Los cuerpos de varios hombres de traje están regados por el piso del corredor. En el centro está la silla de ruedas, vacía. Y, a los pies, una rechoncha figura de metro y medio.
—¡Tiene toda la piel amoratada! ¿Y qué es eso? ¡Tiene un agujero enorme en el centro del pecho!
—¿Quién pudo hacer esto?
—Fue DeMayo. Es un demente. Pero no pudo haberlo hecho solo, ha debido de recibir ayuda.
—¡Señor, ésta está viva!
Todos los hombres de traje apuntan sus armas a la alargada figura que respira fatigosamente al otro lado del vidrio roto.
—¡Atrás, puede ser peligrosa!
—¡Se está moviendo!
—¡No disparen!

5
Bajo el negro cielo sin estrellas, arrastrada por la corriente, la endeble embarcación surca las aguas a una velocidad vertiginosa. Sobre los tablones precariamente unidos, Steven, cubierto únicamente por la bata de hospital empapada, se aferra al ensangrentado cuchillo de hoja aserrada. Ve una vez más la hoja clavarse en la carne morada, hacer palanca, extraer la piedra. Pero sabe que no era su mano la que lo aferraba. Está seguro de que no lo era. No pudo ser su mano. Y sin embargo... No ha parado de llorar desde que abandonó ese horrible lugar y se precipitó al mar.
Puede ver la otra orilla. Reconoce el perfil de Ciudad Playa, su hogar. Casi puede tocarla.
Entonces, la corriente amaina. De improviso, como si alguien hubiese dejado de empujar las aguas, éstas se van aquietando progresivamente, hasta detenerse por completo. Flotando en medio de un océano imperturbable como un espejo, Steven puede divisar la tierra, oscura, en el horizonte. Y en la lisa superficie que lo separa de ella, la primera curva empinada de una aleta dorsal. Y luego otra. Y otra más.

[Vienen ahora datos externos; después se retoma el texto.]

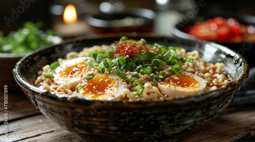 Ramen in a bowl well decorated, product photo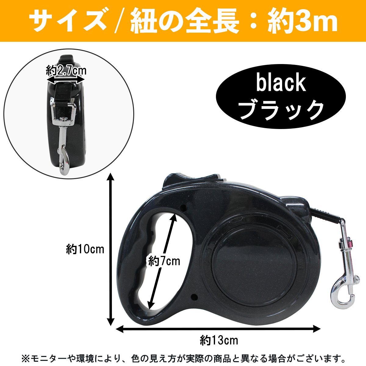 便利なロック機能付き!犬用伸縮リード 3m/3メートル 自動巻き取り ブラック 黒 散歩用リード コンパクト ペット用品 散歩グッズ

Steven quiere llorar. Pero no puede. Ya no le sale una gota. Ni una gota de agua se mueve ya. Entonces se convence de que ella también ha muerto. Él está ahora solo en el mundo. Ha quedo solo en el universo. Mira hacia el cielo. Y vuelve a oír la voz. Pero ahora sabe que está únicamente en su cabeza:
—Nunca el universo me pareció tan obscuro como esta noche.